Initialize them to the proper letter and the proper count (0).

Now suppose you read in an 'a'. Increment the count:

char inputChar;
inputChar = infile.get();
frequencies[inputChar].increment();

Edited 6 Years Ago by VernonDozier: n/a

Comments
good stuff

Not sure what your approach is, but you need to either change the data members in your class or you need to have more class object. Right now you have one object and it stores one character and one long. You need one character and one long for each ASCII character(128 of them), so you can either have a class that stores two arrays of size 128 or you can keep your class the same and have an array of 128 class objects. Regardless, you need to end up with 128 character variables and 128 long variables.

Let's say you have 128 class objects. Stick them in array:

charFrequency frequencies[128];

Initialize them to the proper letter and the proper count (0).
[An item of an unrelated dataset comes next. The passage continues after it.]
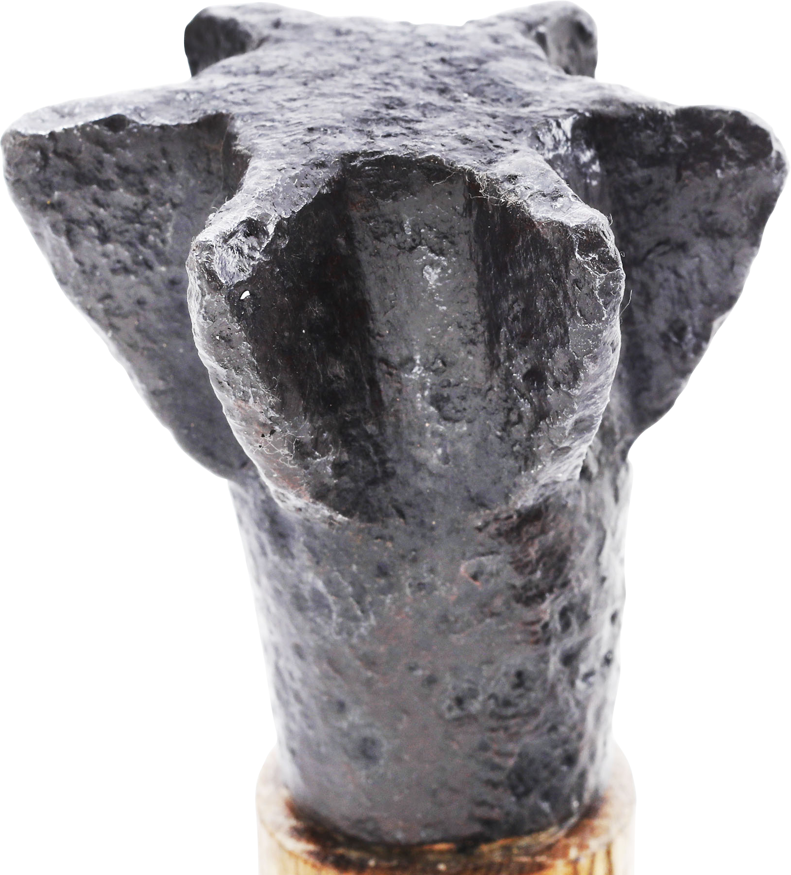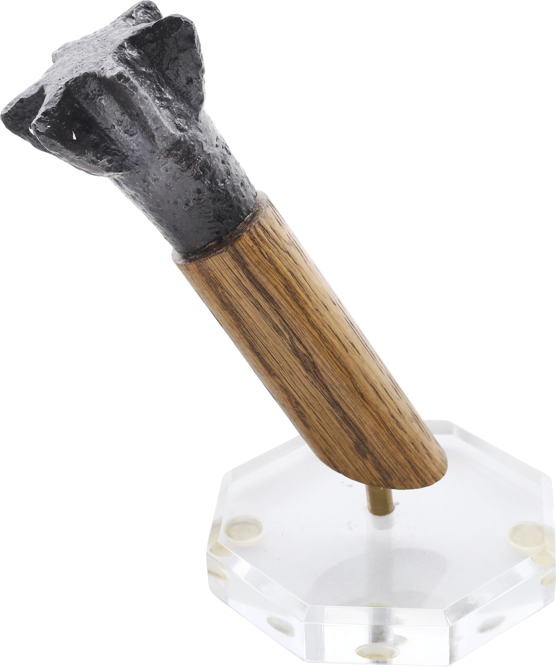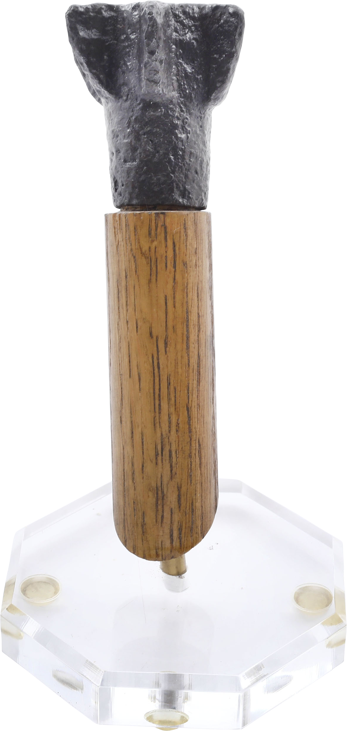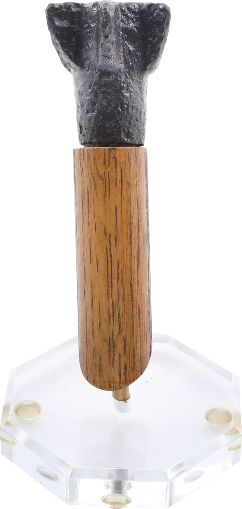 2 3/8” (2.37”) height, a cylindrical socket with capped end and six angled flanges. See, Arms and Armor of the Crusading Era, Nicolle pl.251b. A horseman’s mace, with wood haft would have originally been 22-25” length. Its relatively small size reflects the light weight of the protection worn by the Saracens who sacrificed bodily protection for speed and agility. Excellent excavated condition. Fine plexiglas mount with portion of the haft replaced.

Now suppose you read in an 'a'. Increment the count:

char inputChar;
inputChar = infile.get();
frequencies[inputChar].increment();

I will try that. Thank you

Yea your approach is definitely a little off so far. Do you want your program to count how many times a letter (that you specify) appears in a certain string? For example: How many times does the character 'p' appear in the string "apples"? And you want your class to return 2? If so, you should either make the constructor accept the search character and the string to be searched or make a method that accepts those as parameters and returns the count or a negative number if it is not found, for example.

If you can you should really use something like std::map for this. For example, doing something like this is a little better:

#include <map>
#include <iostream>
#include <cctype>
#include <fstream>


using namespace std;

class AsciiCharacterCount{
public:
	typedef std::map<char,long>::const_iterator constIterator;	
private:		
	std::map<char,long> asciiFreq;	
public:
	void update(char ch){	 
	 if(isalpha(ch)) asciiFreq[ch]++;
	}
	void update(const std::string& str){
		for(int i = 0; i != str.size(); ++i) update(str[i]);
	}
	long frequency(char ch)const{ 
		 constIterator itr = asciiFreq.find(ch);
		if(itr != asciiFreq.end()) return itr->second;
		else return 0;
	}
	constIterator begin()const{ return asciiFreq.begin(); }
	constIterator end()const{ return asciiFreq.end(); }	
};

int main(){
 AsciiCharacterCount freqCounter;
 freqCounter.update("Alalyze each of these letters");

 AsciiCharacterCount::constIterator itr = freqCounter.begin();
 while(itr != freqCounter.end()){
	 cout << "'" << itr->first << "'" << " frequency = " << itr->second << endl;
	 ++itr;
 }
 return 0;
}

Why should he use a std::map for this? Why is it a little better?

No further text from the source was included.